▶ WHAT TO PRODUCE
Within the entries below, output exactly the lines between the line containing "Цвет #C2B2DC в" and the line containing "北京市公安局内保局基础工作大", inclusive, and omit any picture.

▶ DATA SUPPLIED
----------------

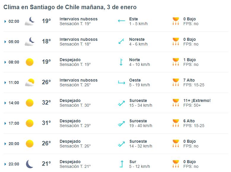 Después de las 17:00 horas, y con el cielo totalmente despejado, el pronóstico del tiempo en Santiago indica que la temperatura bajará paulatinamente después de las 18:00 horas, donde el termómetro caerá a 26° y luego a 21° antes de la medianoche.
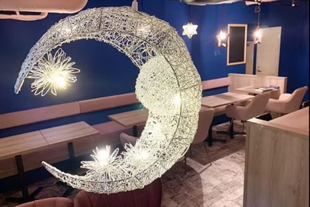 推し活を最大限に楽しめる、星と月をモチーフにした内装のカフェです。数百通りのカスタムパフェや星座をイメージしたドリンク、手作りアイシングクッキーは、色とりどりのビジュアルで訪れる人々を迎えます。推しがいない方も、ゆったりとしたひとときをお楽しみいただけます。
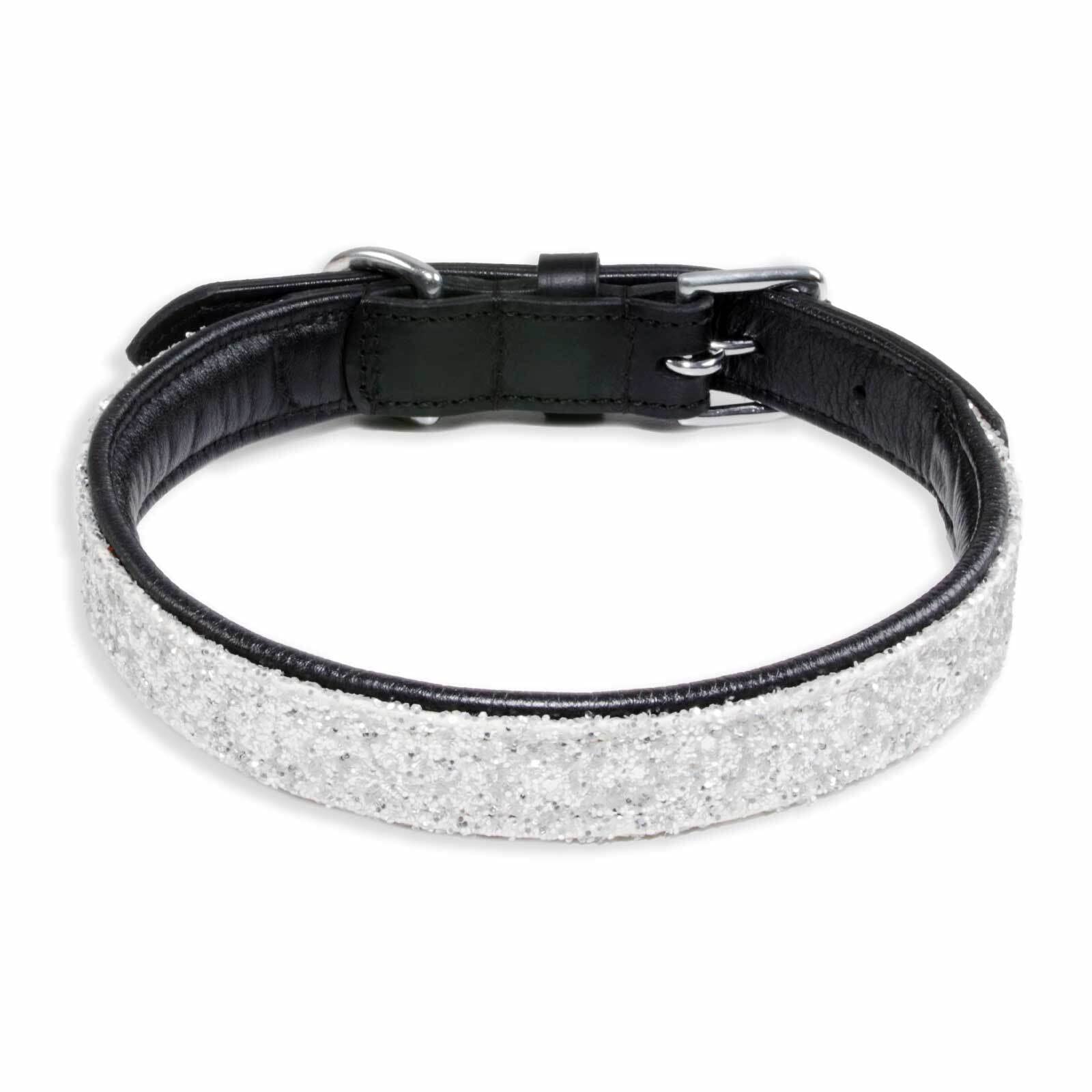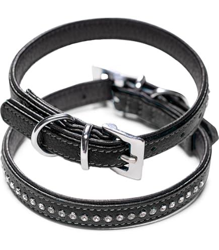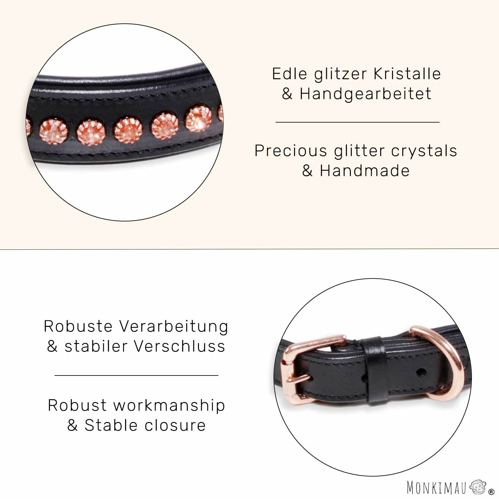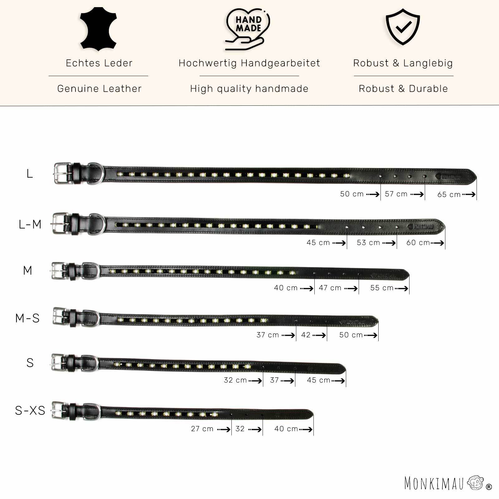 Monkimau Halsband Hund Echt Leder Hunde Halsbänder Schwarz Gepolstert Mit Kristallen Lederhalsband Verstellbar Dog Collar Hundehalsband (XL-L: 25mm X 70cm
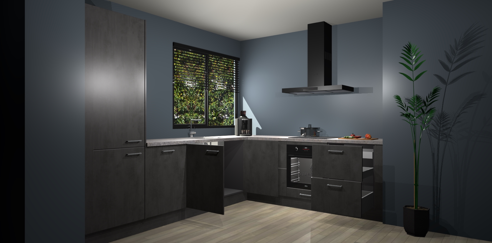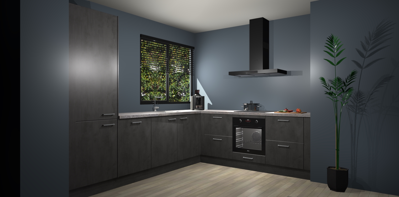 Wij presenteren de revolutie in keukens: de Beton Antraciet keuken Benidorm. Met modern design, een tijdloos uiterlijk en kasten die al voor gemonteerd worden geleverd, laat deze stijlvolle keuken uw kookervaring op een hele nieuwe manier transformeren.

----------------

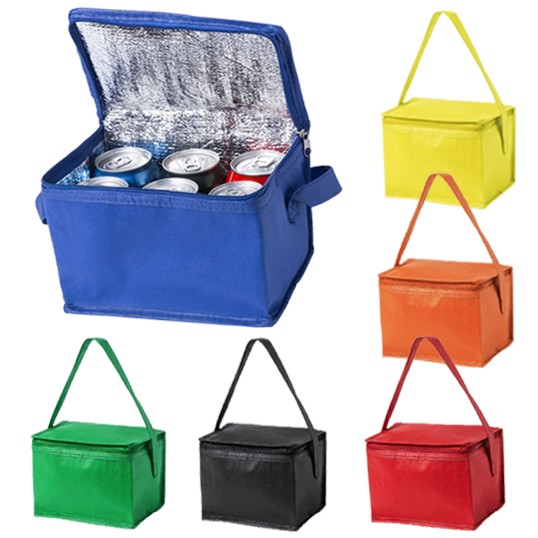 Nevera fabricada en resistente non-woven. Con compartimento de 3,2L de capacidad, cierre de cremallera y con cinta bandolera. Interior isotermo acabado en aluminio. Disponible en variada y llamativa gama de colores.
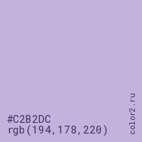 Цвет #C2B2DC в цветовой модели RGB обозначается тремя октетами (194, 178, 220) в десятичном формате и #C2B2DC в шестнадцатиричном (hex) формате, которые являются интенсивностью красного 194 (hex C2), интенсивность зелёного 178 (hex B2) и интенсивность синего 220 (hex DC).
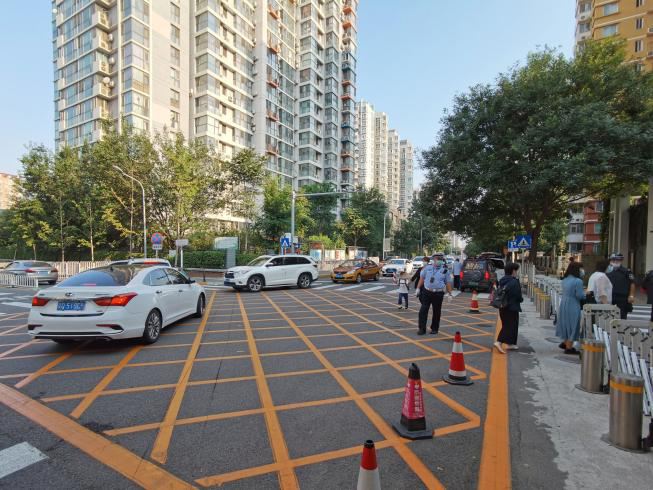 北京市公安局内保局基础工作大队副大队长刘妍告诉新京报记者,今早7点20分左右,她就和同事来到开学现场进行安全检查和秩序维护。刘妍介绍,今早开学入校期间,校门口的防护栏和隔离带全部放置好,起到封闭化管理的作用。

----------------

▶ TASK RESPONSE
 Цвет #C2B2DC в цветовой модели RGB обозначается тремя октетами (194, 178, 220) в десятичном формате и #C2B2DC в шестнадцатиричном (hex) формате, которые являются интенсивностью красного 194 (hex C2), интенсивность зелёного 178 (hex B2) и интенсивность синего 220 (hex DC).
 北京市公安局内保局基础工作大队副大队长刘妍告诉新京报记者,今早7点20分左右,她就和同事来到开学现场进行安全检查和秩序维护。刘妍介绍,今早开学入校期间,校门口的防护栏和隔离带全部放置好,起到封闭化管理的作用。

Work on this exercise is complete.